Task goal:
Your copy of the data should leave out the images and match everything else exactly.

Supplied material:
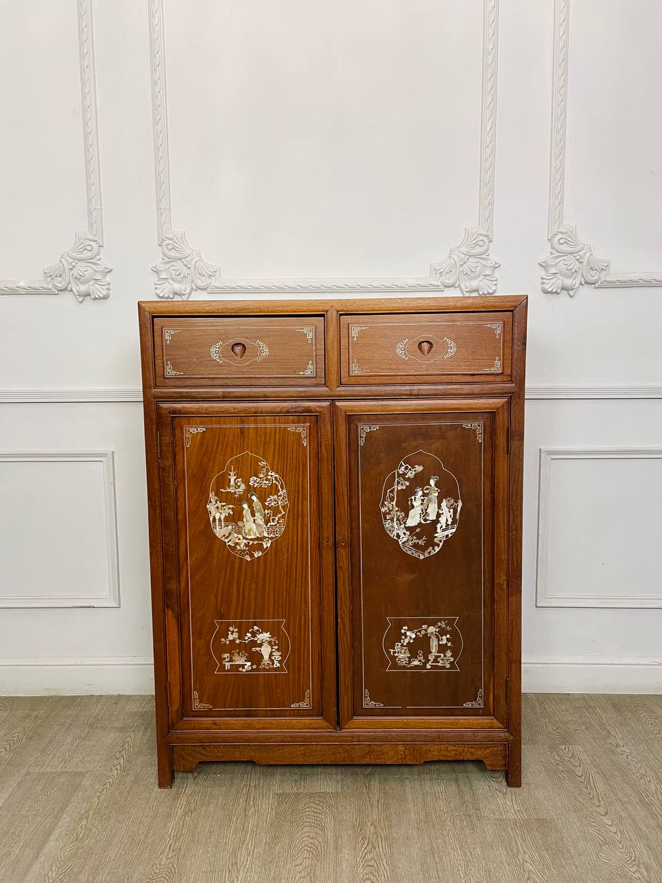 Шкаф в стиле Шинуазри, Китай, начало XX века. Выполнен из красного дерева и натурального перламутра. Размер 91х46х122h см.
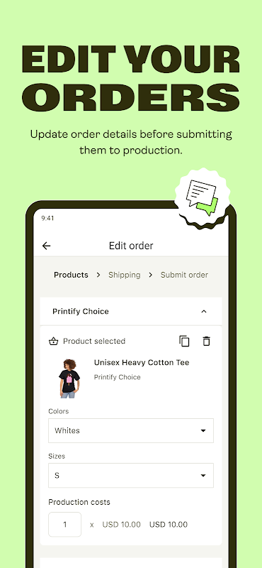 आप जहाँ भी हों, अपने प्रिंट-ऑन-डिमांड व्यवसाय से जुड़े रहें। प्रिंटिफाई मोबाइल ऐप के साथ, आप आसानी से अपने ऑर्डर प्रबंधित कर सकते हैं, पूर्ति की निगरानी कर सकते हैं और अपने ग्राहकों को खुश रख सकते हैं - और वह भी अपने फ़ोन से।
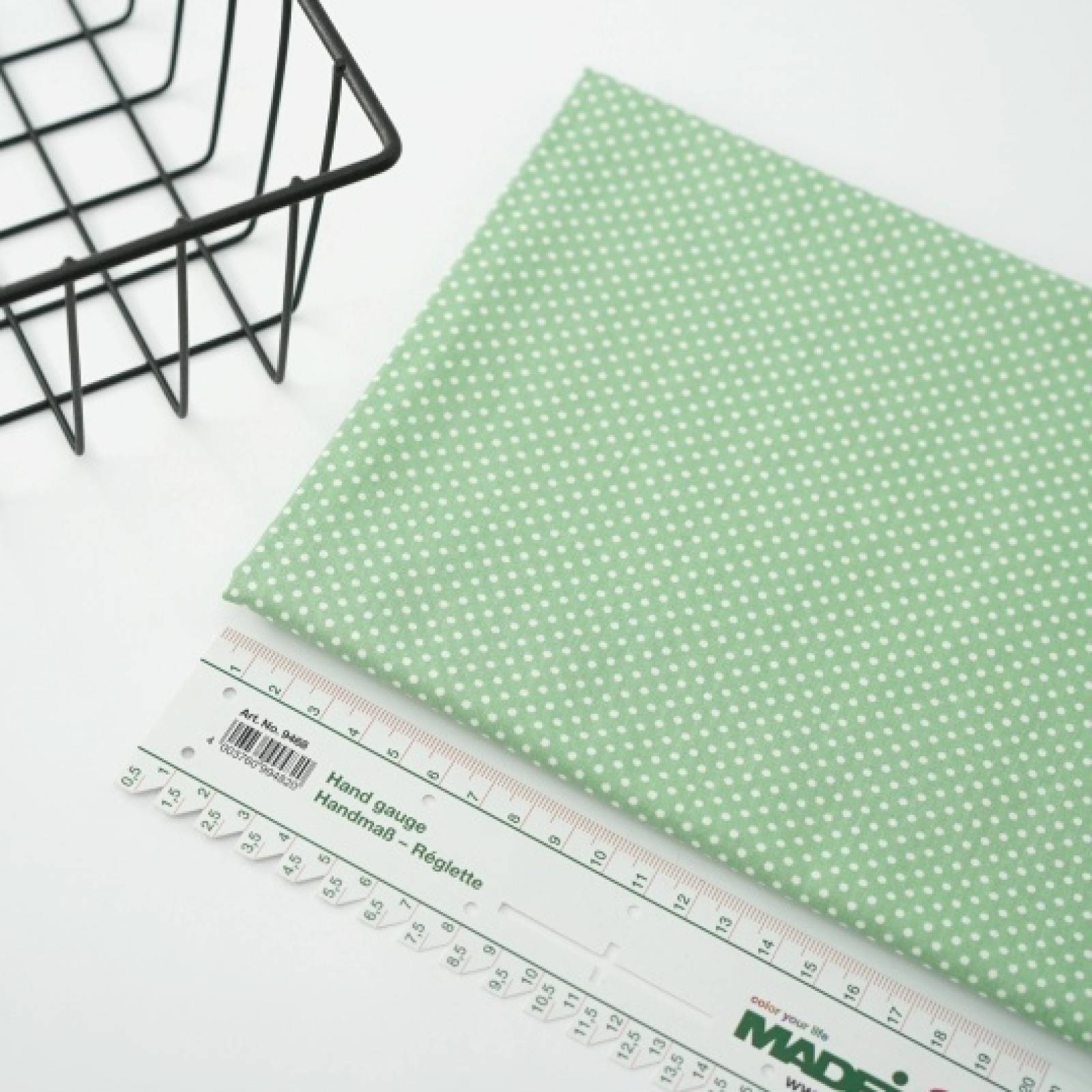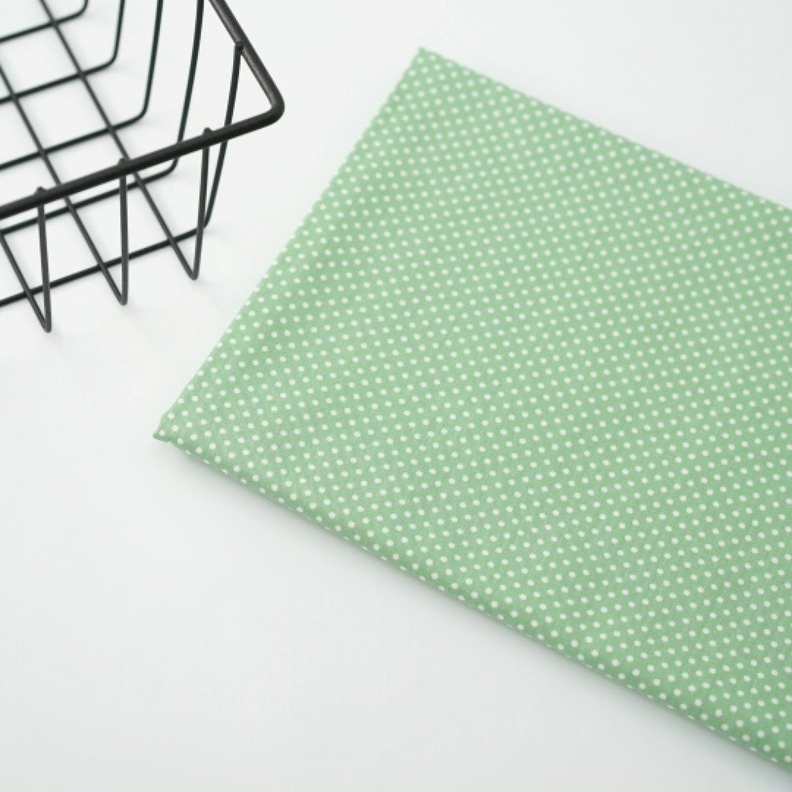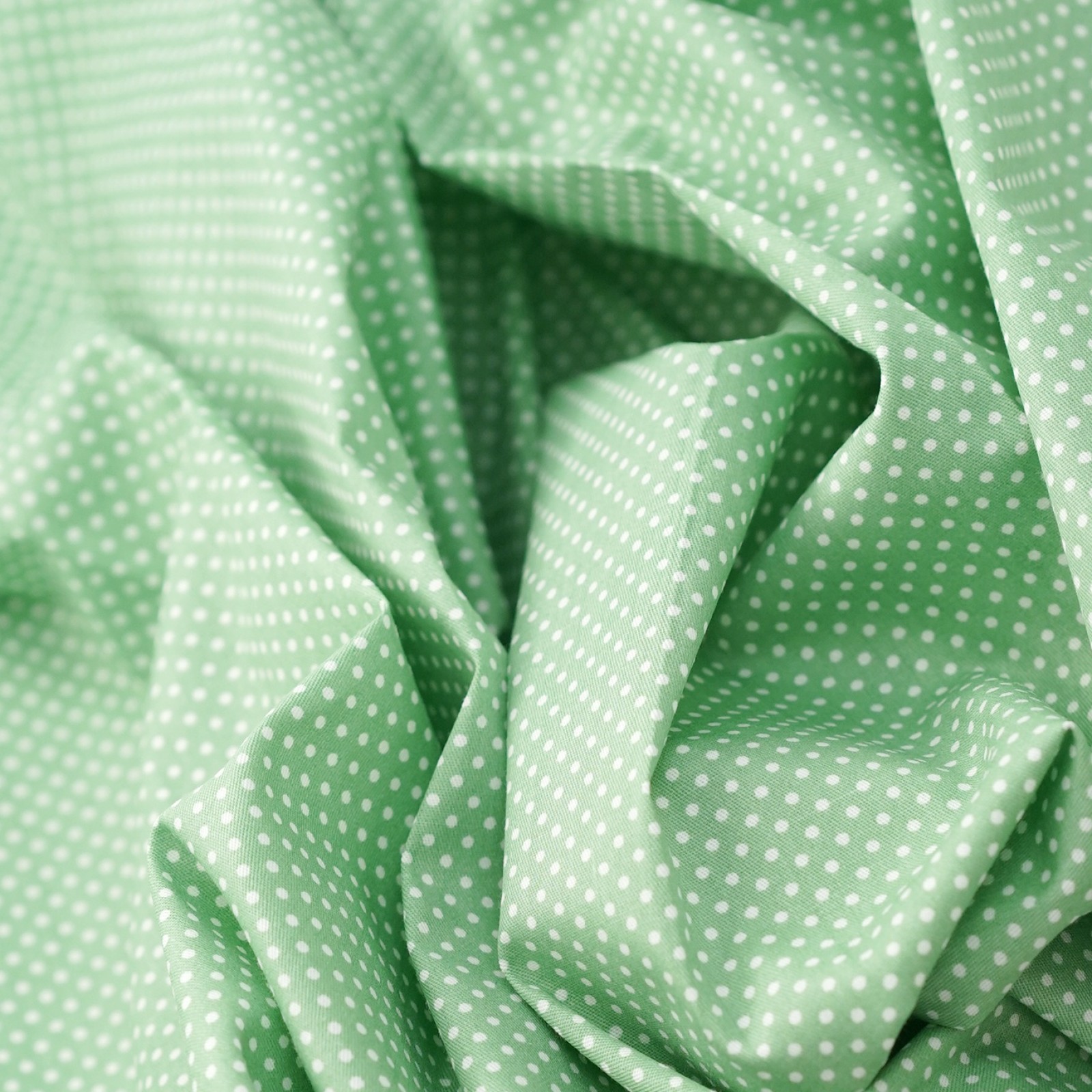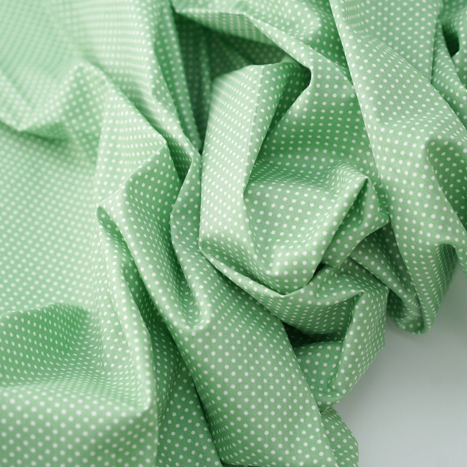 Сатин китайский. ЦВЕТ - белый мелкий горох на зеленом
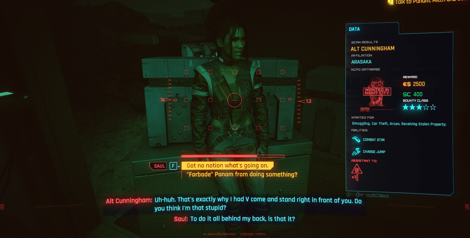 <figure><img src="https://1427525421-files.gitbook.io/~/files/v0/b/gitbook-x-prod.appspot.com/o/spaces%2F4gzcGtLrr90pVjAWVdTc%2Fuploads%2Fgit-blob-efb4ff545da99584f6e7274feb43e2b3f97d4910%2FScreenshot_2.png?alt=media" alt=""><figcaption><p>Panam works for Arasaka now.</p></figcaption></figure>
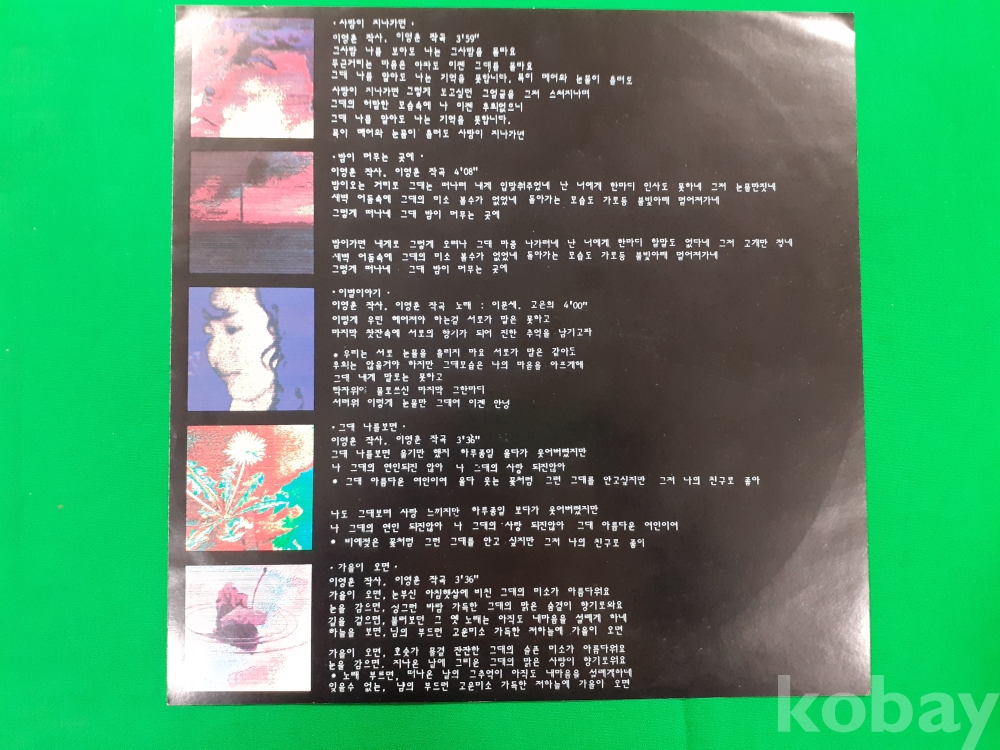 | 자켓상태 | EX : 약간의 마모, 모서리 찢김 존재 | 음반상태 | EX : 재생에 영향 없는 가벼운 기스 존재 | 발매정보 | 알수없음 | 가사지여부 | 유 |
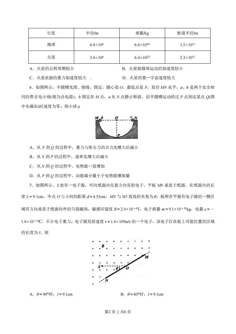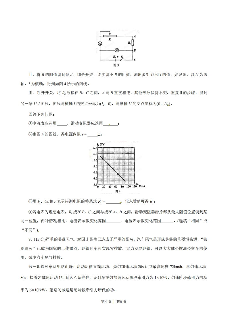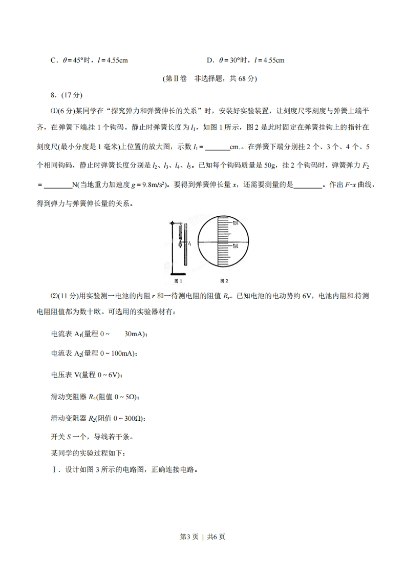 2015年高考四川卷理科综合(物理部分)试题(第I卷选择题共7题,共42分)年题给出的四个选项中,有的只有一个选项、有的有多个选项符合题目要求,全部选对的得6分,选对但不全的得3分,有错选和不选的得0分。1.在同一位置以相同的速率把三个小球分别沿水平、斜向上、斜向下方向抛出,不计空气阻力,则落在同一水平地面时的速度大小A.一样大B.水平抛的最大C.斜向上抛的最大D.斜向下抛的最大2.平静湖面传播着一列水面波(横波),在波的传播方向上有相距3m的甲、乙两小木块随波上下运动,测得两个小木块每分钟都上下30次,甲在波谷时,乙在波峰,且两木块之间有一个波峰。这列水面波A.频率是30HzB.波长是3mC.波速是1m/sD.周期是0.1s3.直线PP2过均匀玻璃球球心O,细光束α、b平行且关于PP2对称,由空气射入玻璃球的光路如图。a、b光相比6A.玻璃对a光的折射率较大B.玻璃对a光的临界角较小C.b光在玻璃中的传播速度较小、D.b光在玻璃中的传播时间较短4.小型手摇发电机线圈共N匝,每匝可简化为矩形线圈abcd,磁极间的磁场视为匀强磁场,方向垂直于线圈中心轴OO',线圈绕OO'匀速转动,如图所示。矩形线圈ab边和cd边产生的感应电动势的最大值都为0,不计线圈电阻,则发电机输出电压A.峰值是eoB.峰值是2eoC有效值是9心D.有效值是V2Ne5.登上火星是人类的梦想,“嫦娥之父”欧阳自远透露:中国计划于2020年登陆火星。地球和火星公转视为匀速圆周运动,忽略行星自转影响。根据下表,火星和地球相比第1页|共6页行星半径m质量kg轨道半径m地球6.4×1056.0×10241.5×1011火星3.4×1066.4×10232.3×1011A.火星的公转周期较小B.火星做圆周运动的加速度较小C.火星表面的重力加速度较大,D.火星的第一宇宙速度较大6.如图所示,半圆槽光滑、绝缘、固定,圆心是O,最低点是P,直径MN水平,a、b是两个完全相同的带正电小球(视为点电荷),b固定在M点,α从N点静止释放,沿半圆槽运动经过P点到达某点Q(图中未画出)时速度为零。则小球aMA.从N到Q的过程中,重力与库仑力的合力先增大后减小B.从N到P的过程中,速率先增大后减小C.从N到Q的过程中,电势能一直增加D.从P到Q的过程中,动能减少量小于电势能增加量7.如图所示,S处有一电子源,可向纸面内任意方向发射电子,平板N垂直于纸面,在纸面内的长度L=9.1cm,中点O与S间的距离d=4.55cm,MN与S0直线的夹角为0,板所在平面有电子源的一侧区域有方向垂直于纸面向外的匀强磁场,磁感应强度B=2.0×104T,电子质量m=9.1×10~3kg,电量e=-1.6×101℃,不计电子重力。电子源发射速度v=1.6×10m/s的一个电子,该电子打在板上可能位置的区域的长度为,则M0A.0=90°时,1=9.1cmB.0=60°时,1=9.1cm第2页|共6页C.0=45°时,1=4.55cmD.0=30°时,1=4.55cm(第Ⅱ卷非选择题,共68分)8.(17分)((6分)某同学在“探究弹力和弹簧伸长的关系”时,安装好实验装置,让刻度尺零刻度与弹簧上端平齐,在弹簧下端挂1个钩码,静止时弹簧长度为1,如图1所示,图2是此时固定在弹簧挂钩上的指针在刻度尺(最小分度是1毫米)上位置的放大图,示数1=cm.。在弹簧下端分别挂2个、3个、4个、5个相同钩码,静止时弹簧长度分别是2、、4、5。己知每个钩码质量是50g,挂2个钩码时,弹簧弹力F2=N(当地重力加速度g=9.8m/s2)。要得到弹簧伸长量x,还需要测量的是。作出F-x曲线,得到弹力与弹簧伸长量的关系。图1图2(2(11分)用实验测一电池的内阻r和一待测电阻的阻值R。己知电池的电动势约6V,电池内阻和待测电阻阻值都为数十欧。可选用的实验器材有:电流表A(量程0~30mA):电流表A(量程0~100mA):电压表V(量程0~6V):滑动变阻器R1(阻值0~52):滑动变阻器R2(阻值0~3002):开关S一个,导线若干条。某同学的实验过程如下:I,设计如图3所示的电路图,正确连接电路。第3页|共6页
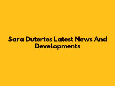 Sara Duterte's Latest News And Developments
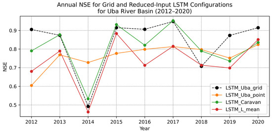 In conclusion, the experiments show that even when decreasing the number of cells (K = 100, 110, 120 of 166), the model systematically loses ≈ 1% of NSE and becomes less stable, and when reducing to 100 cells, the losses increase to ≈ 1.3% and the variation among runs becomes noticeably wider. Adding the first ten cells (K = 100 to 110) really increases stability and partially reduces the deficit; however, even at K = 120, the average performance remains below the LSTM-Uba-grid and the negative deviation reaches its maximum in the years of 2014 and 2018. Consequently, neglecting any part of the basin impairs both the average accuracy and the reliability of the model. The largest negative deviations still occur in two specific years, 2014, when the data set is distorted, and 2018, which differs markedly from the other seasons, showing that partial coverage makes the model especially vulnerable to problematic or atypical years. Full spatial coverage therefore remains essential for consistently high performance.

Exercise answer:
 Шкаф в стиле Шинуазри, Китай, начало XX века. Выполнен из красного дерева и натурального перламутра. Размер 91х46х122h см.
 आप जहाँ भी हों, अपने प्रिंट-ऑन-डिमांड व्यवसाय से जुड़े रहें। प्रिंटिफाई मोबाइल ऐप के साथ, आप आसानी से अपने ऑर्डर प्रबंधित कर सकते हैं, पूर्ति की निगरानी कर सकते हैं और अपने ग्राहकों को खुश रख सकते हैं - और वह भी अपने फ़ोन से।
 Сатин китайский. ЦВЕТ - белый мелкий горох на зеленом
 <figure><img src="https://1427525421-files.gitbook.io/~/files/v0/b/gitbook-x-prod.appspot.com/o/spaces%2F4gzcGtLrr90pVjAWVdTc%2Fuploads%2Fgit-blob-efb4ff545da99584f6e7274feb43e2b3f97d4910%2FScreenshot_2.png?alt=media" alt=""><figcaption><p>Panam works for Arasaka now.</p></figcaption></figure>
 | 자켓상태 | EX : 약간의 마모, 모서리 찢김 존재 | 음반상태 | EX : 재생에 영향 없는 가벼운 기스 존재 | 발매정보 | 알수없음 | 가사지여부 | 유 |
 2015年高考四川卷理科综合(物理部分)试题(第I卷选择题共7题,共42分)年题给出的四个选项中,有的只有一个选项、有的有多个选项符合题目要求,全部选对的得6分,选对但不全的得3分,有错选和不选的得0分。1.在同一位置以相同的速率把三个小球分别沿水平、斜向上、斜向下方向抛出,不计空气阻力,则落在同一水平地面时的速度大小A.一样大B.水平抛的最大C.斜向上抛的最大D.斜向下抛的最大2.平静湖面传播着一列水面波(横波),在波的传播方向上有相距3m的甲、乙两小木块随波上下运动,测得两个小木块每分钟都上下30次,甲在波谷时,乙在波峰,且两木块之间有一个波峰。这列水面波A.频率是30HzB.波长是3mC.波速是1m/sD.周期是0.1s3.直线PP2过均匀玻璃球球心O,细光束α、b平行且关于PP2对称,由空气射入玻璃球的光路如图。a、b光相比6A.玻璃对a光的折射率较大B.玻璃对a光的临界角较小C.b光在玻璃中的传播速度较小、D.b光在玻璃中的传播时间较短4.小型手摇发电机线圈共N匝,每匝可简化为矩形线圈abcd,磁极间的磁场视为匀强磁场,方向垂直于线圈中心轴OO',线圈绕OO'匀速转动,如图所示。矩形线圈ab边和cd边产生的感应电动势的最大值都为0,不计线圈电阻,则发电机输出电压A.峰值是eoB.峰值是2eoC有效值是9心D.有效值是V2Ne5.登上火星是人类的梦想,“嫦娥之父”欧阳自远透露:中国计划于2020年登陆火星。地球和火星公转视为匀速圆周运动,忽略行星自转影响。根据下表,火星和地球相比第1页|共6页行星半径m质量kg轨道半径m地球6.4×1056.0×10241.5×1011火星3.4×1066.4×10232.3×1011A.火星的公转周期较小B.火星做圆周运动的加速度较小C.火星表面的重力加速度较大,D.火星的第一宇宙速度较大6.如图所示,半圆槽光滑、绝缘、固定,圆心是O,最低点是P,直径MN水平,a、b是两个完全相同的带正电小球(视为点电荷),b固定在M点,α从N点静止释放,沿半圆槽运动经过P点到达某点Q(图中未画出)时速度为零。则小球aMA.从N到Q的过程中,重力与库仑力的合力先增大后减小B.从N到P的过程中,速率先增大后减小C.从N到Q的过程中,电势能一直增加D.从P到Q的过程中,动能减少量小于电势能增加量7.如图所示,S处有一电子源,可向纸面内任意方向发射电子,平板N垂直于纸面,在纸面内的长度L=9.1cm,中点O与S间的距离d=4.55cm,MN与S0直线的夹角为0,板所在平面有电子源的一侧区域有方向垂直于纸面向外的匀强磁场,磁感应强度B=2.0×104T,电子质量m=9.1×10~3kg,电量e=-1.6×101℃,不计电子重力。电子源发射速度v=1.6×10m/s的一个电子,该电子打在板上可能位置的区域的长度为,则M0A.0=90°时,1=9.1cmB.0=60°时,1=9.1cm第2页|共6页C.0=45°时,1=4.55cmD.0=30°时,1=4.55cm(第Ⅱ卷非选择题,共68分)8.(17分)((6分)某同学在“探究弹力和弹簧伸长的关系”时,安装好实验装置,让刻度尺零刻度与弹簧上端平齐,在弹簧下端挂1个钩码,静止时弹簧长度为1,如图1所示,图2是此时固定在弹簧挂钩上的指针在刻度尺(最小分度是1毫米)上位置的放大图,示数1=cm.。在弹簧下端分别挂2个、3个、4个、5个相同钩码,静止时弹簧长度分别是2、、4、5。己知每个钩码质量是50g,挂2个钩码时,弹簧弹力F2=N(当地重力加速度g=9.8m/s2)。要得到弹簧伸长量x,还需要测量的是。作出F-x曲线,得到弹力与弹簧伸长量的关系。图1图2(2(11分)用实验测一电池的内阻r和一待测电阻的阻值R。己知电池的电动势约6V,电池内阻和待测电阻阻值都为数十欧。可选用的实验器材有:电流表A(量程0~30mA):电流表A(量程0~100mA):电压表V(量程0~6V):滑动变阻器R1(阻值0~52):滑动变阻器R2(阻值0~3002):开关S一个,导线若干条。某同学的实验过程如下:I,设计如图3所示的电路图,正确连接电路。第3页|共6页
 Sara Duterte's Latest News And Developments
 In conclusion, the experiments show that even when decreasing the number of cells (K = 100, 110, 120 of 166), the model systematically loses ≈ 1% of NSE and becomes less stable, and when reducing to 100 cells, the losses increase to ≈ 1.3% and the variation among runs becomes noticeably wider. Adding the first ten cells (K = 100 to 110) really increases stability and partially reduces the deficit; however, even at K = 120, the average performance remains below the LSTM-Uba-grid and the negative deviation reaches its maximum in the years of 2014 and 2018. Consequently, neglecting any part of the basin impairs both the average accuracy and the reliability of the model. The largest negative deviations still occur in two specific years, 2014, when the data set is distorted, and 2018, which differs markedly from the other seasons, showing that partial coverage makes the model especially vulnerable to problematic or atypical years. Full spatial coverage therefore remains essential for consistently high performance.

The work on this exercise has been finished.